Among the entries that follow, locate the line with "Prefeito de Cachoeira" and the line with "della Protezione Civile.". Output those lines and all lines in between, exactly, minus the pictures.
*** Input Section Begins ***
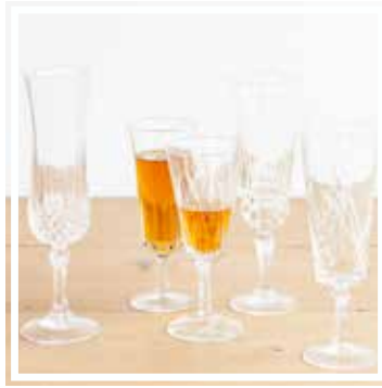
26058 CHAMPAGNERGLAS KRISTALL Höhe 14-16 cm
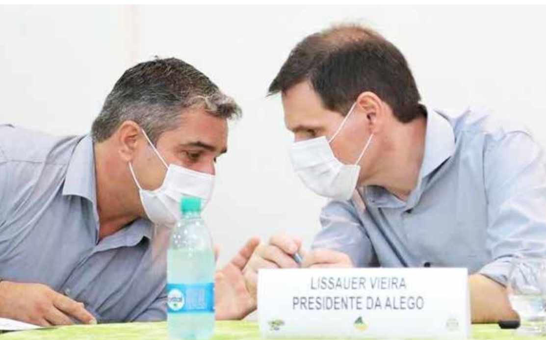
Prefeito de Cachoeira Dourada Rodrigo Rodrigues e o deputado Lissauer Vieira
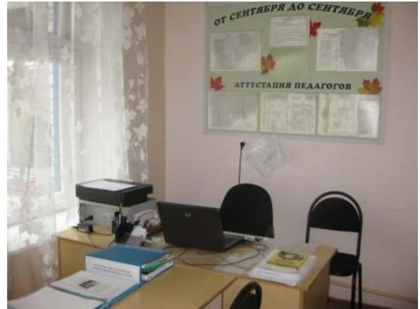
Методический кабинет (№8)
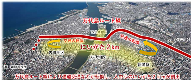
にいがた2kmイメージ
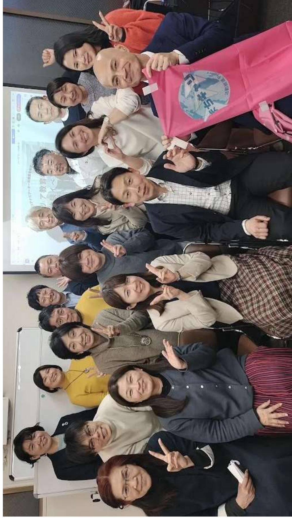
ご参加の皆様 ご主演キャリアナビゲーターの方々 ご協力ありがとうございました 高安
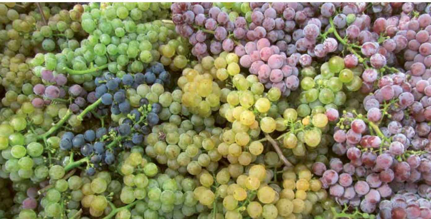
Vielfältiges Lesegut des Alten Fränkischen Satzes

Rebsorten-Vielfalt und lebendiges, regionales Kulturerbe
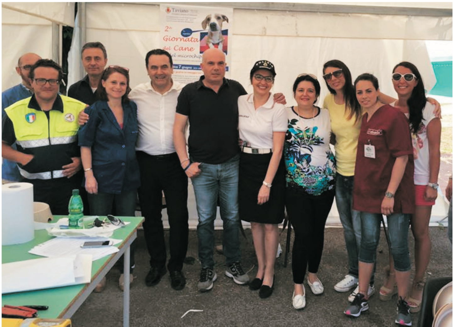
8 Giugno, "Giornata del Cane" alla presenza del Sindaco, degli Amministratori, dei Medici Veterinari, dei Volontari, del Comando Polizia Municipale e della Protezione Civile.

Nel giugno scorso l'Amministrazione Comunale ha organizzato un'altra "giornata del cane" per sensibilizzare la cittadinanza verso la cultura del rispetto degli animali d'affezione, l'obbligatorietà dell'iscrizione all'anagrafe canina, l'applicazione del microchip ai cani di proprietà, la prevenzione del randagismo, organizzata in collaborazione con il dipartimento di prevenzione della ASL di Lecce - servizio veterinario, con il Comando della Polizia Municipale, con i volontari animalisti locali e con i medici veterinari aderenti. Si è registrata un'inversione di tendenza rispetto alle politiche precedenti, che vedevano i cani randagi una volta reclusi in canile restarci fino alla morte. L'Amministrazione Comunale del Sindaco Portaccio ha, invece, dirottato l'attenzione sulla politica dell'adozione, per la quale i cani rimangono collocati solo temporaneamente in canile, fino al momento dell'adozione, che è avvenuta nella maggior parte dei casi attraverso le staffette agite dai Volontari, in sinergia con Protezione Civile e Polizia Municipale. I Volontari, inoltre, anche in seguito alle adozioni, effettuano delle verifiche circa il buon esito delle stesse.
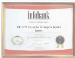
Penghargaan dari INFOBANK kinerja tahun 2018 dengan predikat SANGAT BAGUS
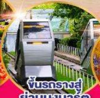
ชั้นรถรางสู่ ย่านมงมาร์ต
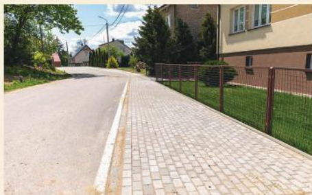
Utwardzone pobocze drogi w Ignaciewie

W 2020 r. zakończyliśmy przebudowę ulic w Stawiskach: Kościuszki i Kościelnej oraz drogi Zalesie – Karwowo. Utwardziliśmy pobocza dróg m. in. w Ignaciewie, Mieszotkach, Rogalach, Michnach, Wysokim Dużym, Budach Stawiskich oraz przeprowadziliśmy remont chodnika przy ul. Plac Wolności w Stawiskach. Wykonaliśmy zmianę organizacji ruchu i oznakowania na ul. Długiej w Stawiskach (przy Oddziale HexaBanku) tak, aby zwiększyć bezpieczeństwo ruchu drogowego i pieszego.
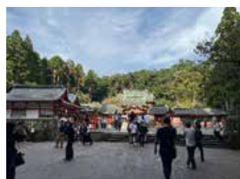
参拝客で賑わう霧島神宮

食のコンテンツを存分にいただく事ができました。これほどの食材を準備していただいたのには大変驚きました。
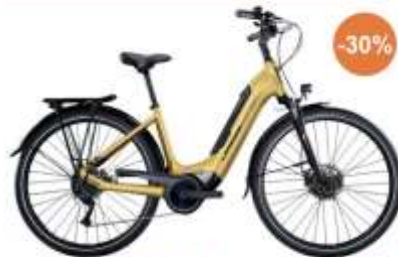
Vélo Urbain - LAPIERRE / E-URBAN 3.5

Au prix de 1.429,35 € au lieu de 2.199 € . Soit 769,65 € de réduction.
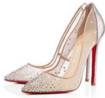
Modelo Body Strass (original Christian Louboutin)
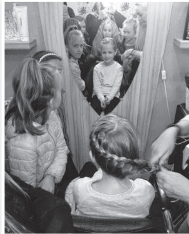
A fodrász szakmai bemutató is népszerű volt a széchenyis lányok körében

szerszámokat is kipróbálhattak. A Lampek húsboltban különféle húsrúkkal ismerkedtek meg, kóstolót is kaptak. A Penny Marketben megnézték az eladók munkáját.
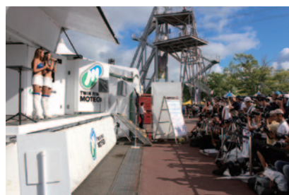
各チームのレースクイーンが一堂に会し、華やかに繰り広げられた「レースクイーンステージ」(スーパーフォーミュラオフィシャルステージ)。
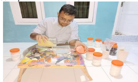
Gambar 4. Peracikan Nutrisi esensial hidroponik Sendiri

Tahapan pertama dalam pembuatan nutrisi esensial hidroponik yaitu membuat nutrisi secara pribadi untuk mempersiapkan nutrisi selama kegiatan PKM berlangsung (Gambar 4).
*** Input Section Ends ***
Written reply =
Prefeito de Cachoeira Dourada Rodrigo Rodrigues e o deputado Lissauer Vieira
Методический кабинет (№8)
にいがた2kmイメージ
ご参加の皆様 ご主演キャリアナビゲーターの方々 ご協力ありがとうございました 高安
Vielfältiges Lesegut des Alten Fränkischen Satzes

Rebsorten-Vielfalt und lebendiges, regionales Kulturerbe
8 Giugno, "Giornata del Cane" alla presenza del Sindaco, degli Amministratori, dei Medici Veterinari, dei Volontari, del Comando Polizia Municipale e della Protezione Civile.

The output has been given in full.